Le défi a ensuite consisté à mettre en œuvre cette idée d’une présidence plus active, plus pertinente. Je pense qu’il était important d’aller à la rencontre de divers groupes des quartiers pauvres, des zones rurales, des villages, et même des îles, et d’exprimer mon appréciation des initiatives de développement qui s’y déroulaient. Peu après mon investiture, j’ai été invitée par de nombreux groupes de la société civile pour marquer l’ouverture de leurs centres, le dixième anniversaire d’une activité pour les enfants ou les personnes âgées, et à d’autres activités de proximité intéressantes. Sur les invitations que je recevais, je me souviens que mon secrétariat inscrivait des avis tels que: “cet événement est trop mineur pour justifier la présence de la Présidente.” Après avoir reçu deux ou trois avis de ce genre, j’ai dit “eh bien, qui est la Présidente?
Cette manifestation est importante. Je ne peux aller à toutes ces événements, mais d’un point de vue stratégique il est important que je m’y rende pour montrer que ces groupes et ces individus font des choses utiles, et que le développement local est en train de modifier profondément l’Irlande moderne”. Le fait est que nombre des personnes qui travaillaient dans ces localités étaient des femmes.
IKNOW Politics: Pourriez-vous faire part à nos lecteurs d’un changement que vous avez introduit pendant votre mandat de Présidente dont vous êtes particulièrement fière, par exemple un changement qui aurait bénéficié aux femmes et continue à trouver un écho?
Ce dont je suis sans doute le plus fière, c’est d’avoir mené des activités de sensibilisation auprès des femmes d’Irlande du Nord, de culture protestante et catholique issues des classes populaires, et de les avoir invitées à Dublin. Elles ont mis leurs plus beaux vêtements, car pour elles il était assez exceptionnel de venir à Dublin de Belfast, et d’autant plus de venir visiter la résidence officielle. Nous avons eu des conversations passionnantes et, une fois de plus, je leur ai dit que j’appréciais beaucoup les efforts qu’elles faisaient pour établir des contacts entre les quartiers et le fait qu’elles aient le courage de comprendre qu’il était indispensable de construire la paix petit à petit pour sortir des divisions à Belfast, pour mettre un terme à la violence. Je me suis aussi beaucoup exprimée sur la nécessité d’une plus grande ouverture de l’Irlande et la valorisation de la diversité, et enfin j’ai lié ces éléments à la diaspora irlandaise dans le monde. Nous avons eu la chance de pouvoir nous appuyer sur une diaspora de près de soixante-dix millions de personnes fières de leurs origines irlandaises, ce qui a constitué une occasion extraordinaire d’ouvrir la voie à la paix en Irlande du Nord.
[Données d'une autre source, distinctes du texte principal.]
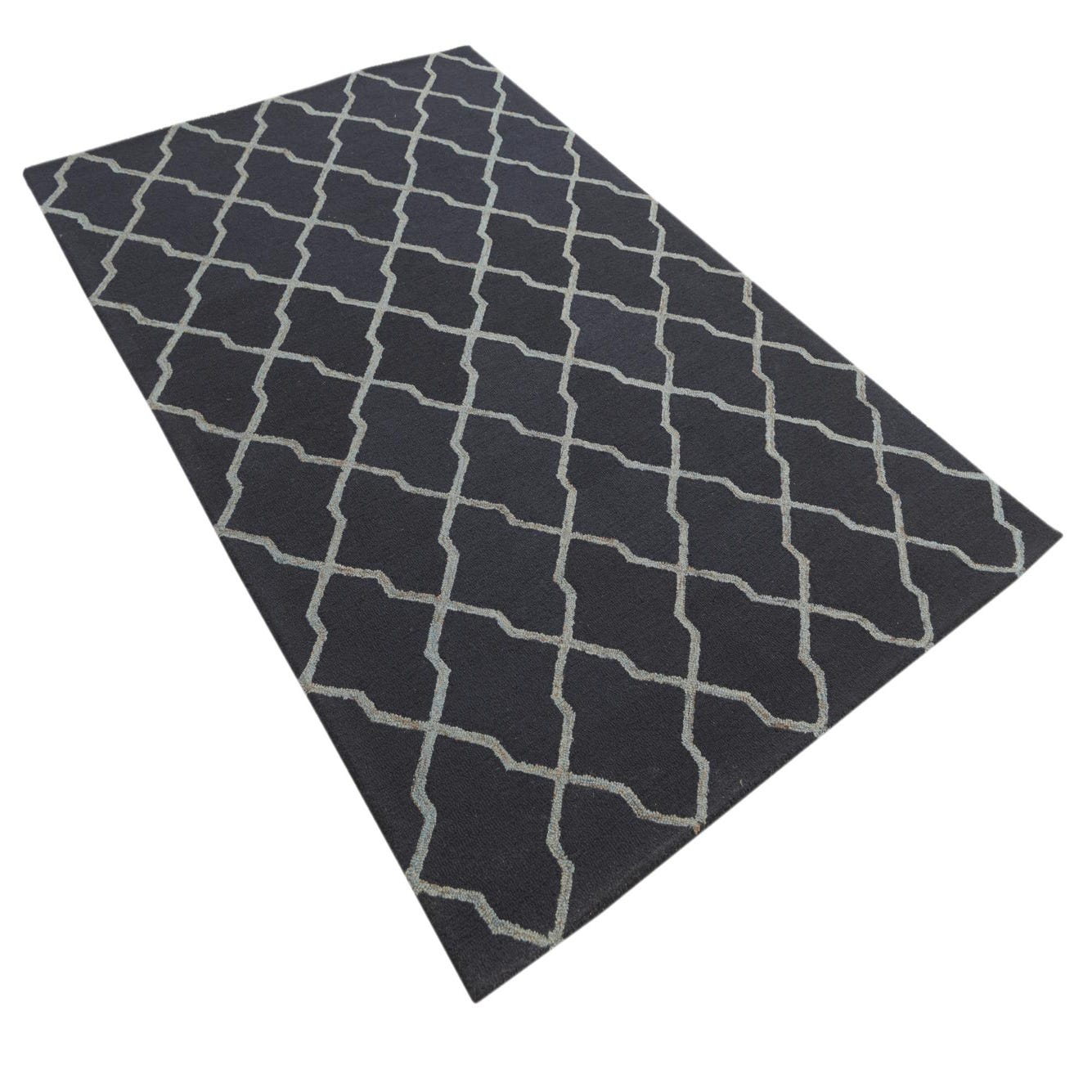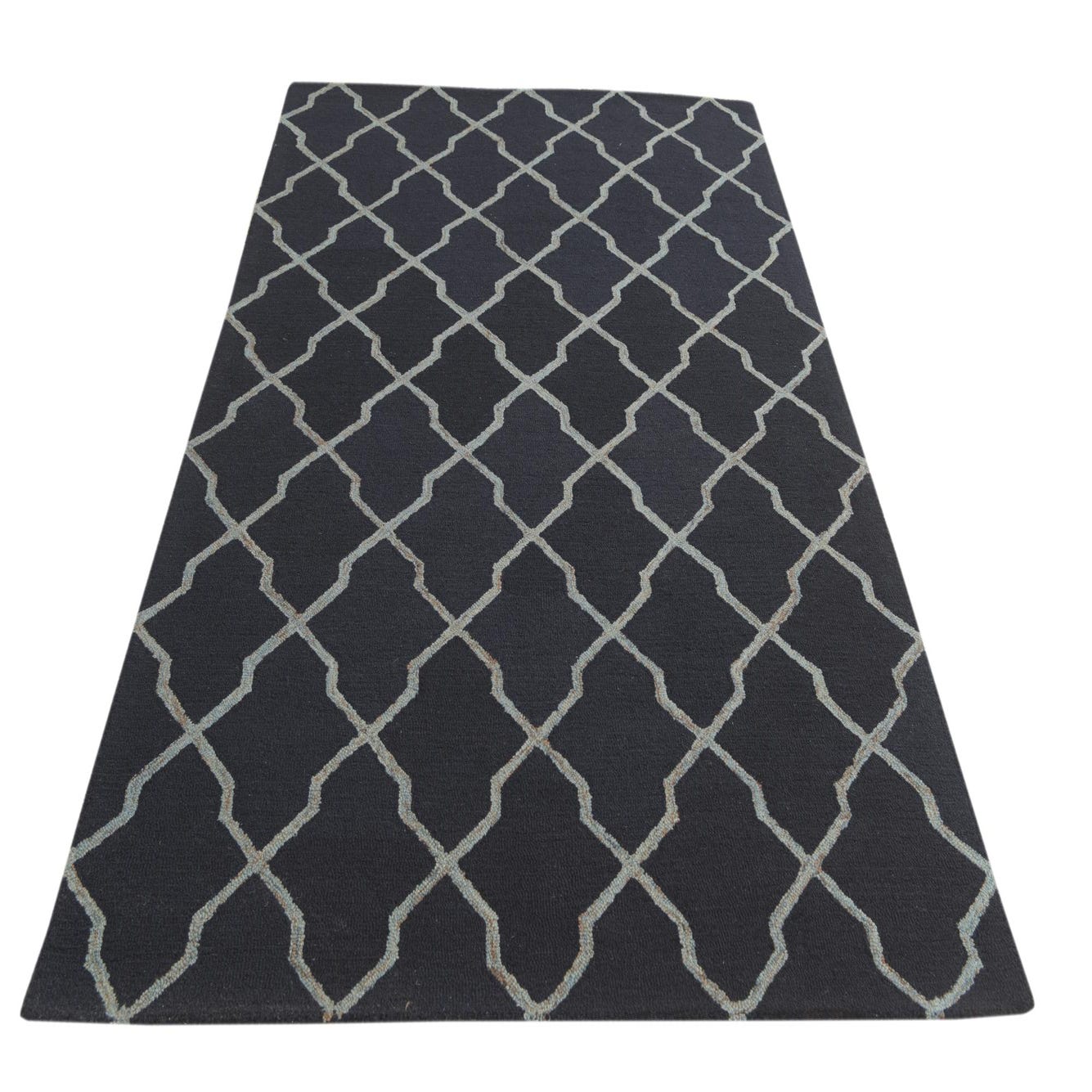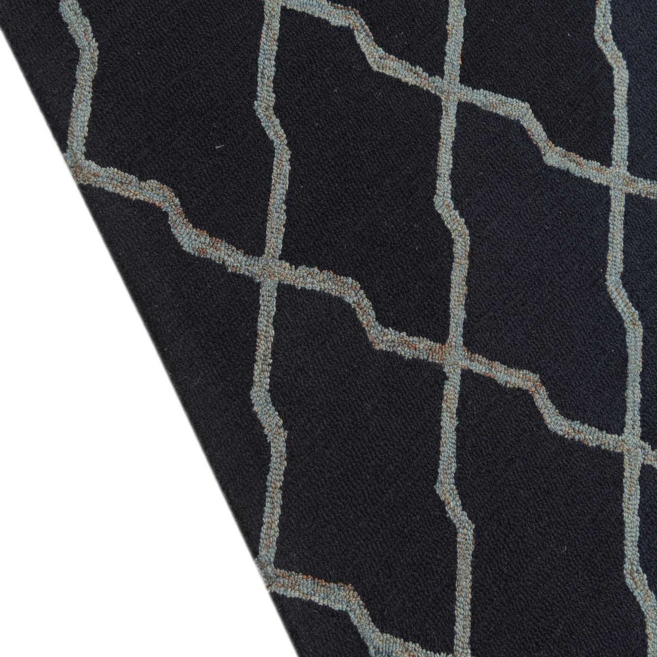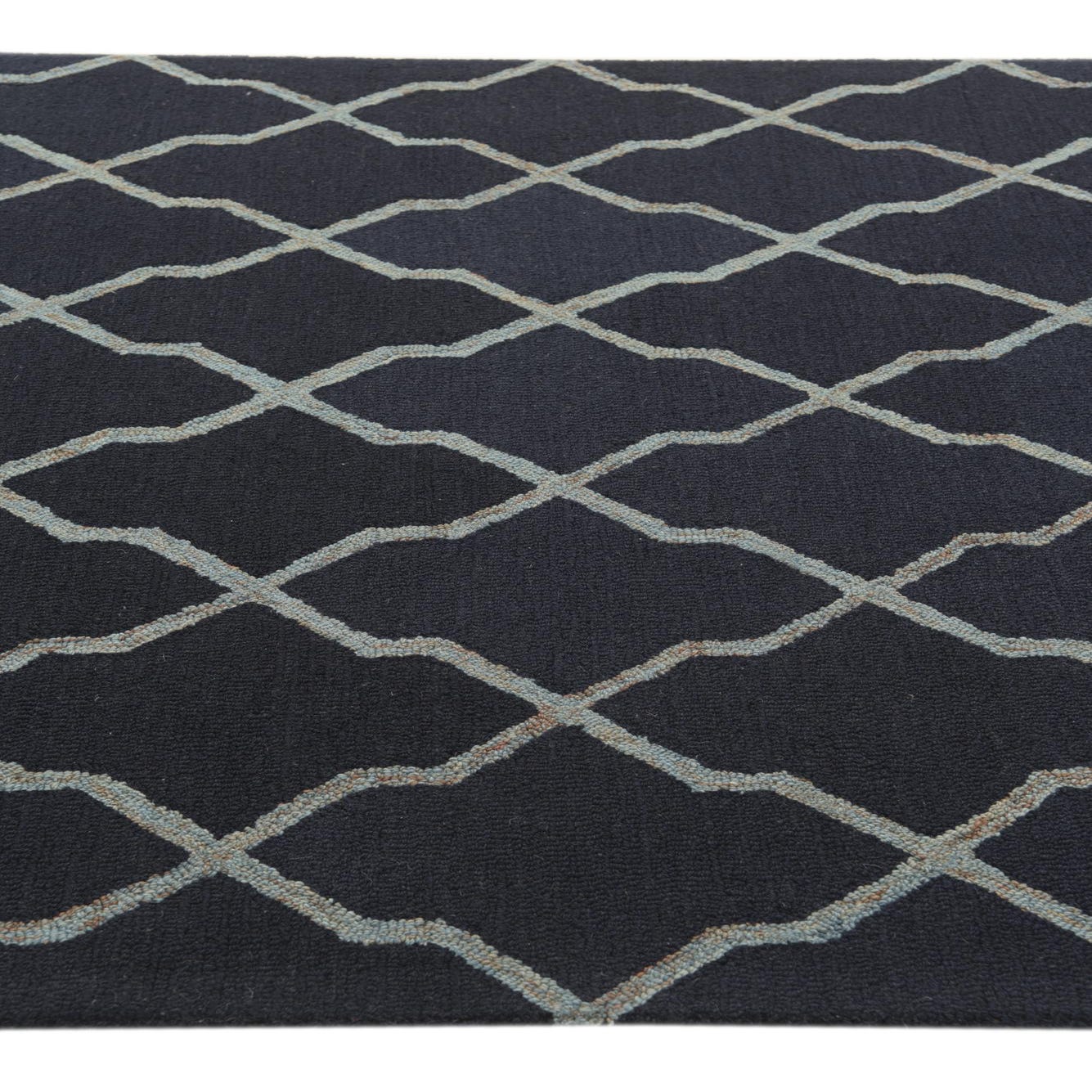 Pair this rug with neutral furnishings to allow its bold pattern to serve as a focal point, or use it as a sophisticated backdrop to showcase vibrant accents within a room. Its wool texture also lends itself to a touch of warmth and comfort, perfect for creating an inviting atmosphere in living rooms, dining areas, or bedrooms.

J’ai aussi fait des discours à certaines occasions particulières pour saluer la contribution des femmes. Dans mes discours, j’ai veillé à tenir compte des femmes qui soutenaient les activités de proximité. J’ai essayé de faire en sorte que le Mouvement féminin irlandais soit ouvert à tous, pour que les femmes se sentent dotées de moyens d’agir, et qu’elles n’aient pas le sentiment d’être reléguées à un rôle inférieur. J’entendais souvent la phrase suivante: “oh, je ne fais rien d’important, je ne suis qu’une femme au foyer”, et je demandais “que faites-vous dans votre quartier?” Ces femmes me disaient “eh bien, je dirige tel mouvement, je gère telle association”, et l’on s’apercevait alors que cette “simple femmes au foyer” était en fait une personne très active qui travaillait pour la collectivité.
iKNOW Politics: En plus de plaider en faveur de l’adoption de lois sensibles aux genres en Irlande, vous vous êtes employée à promouvoir activement les droits de l’homme et le développement soucieux de l’équité entre hommes et femmes dans le monde. Comment décririez-vous votre expérience en tant que Haut-Commissaire des Nations Unies aux droits de l’homme? Comment pensez-vous que le fait d’avoir été une femme a pu contribuer à votre expérience, à vos perspectives et à votre réussite à ce poste?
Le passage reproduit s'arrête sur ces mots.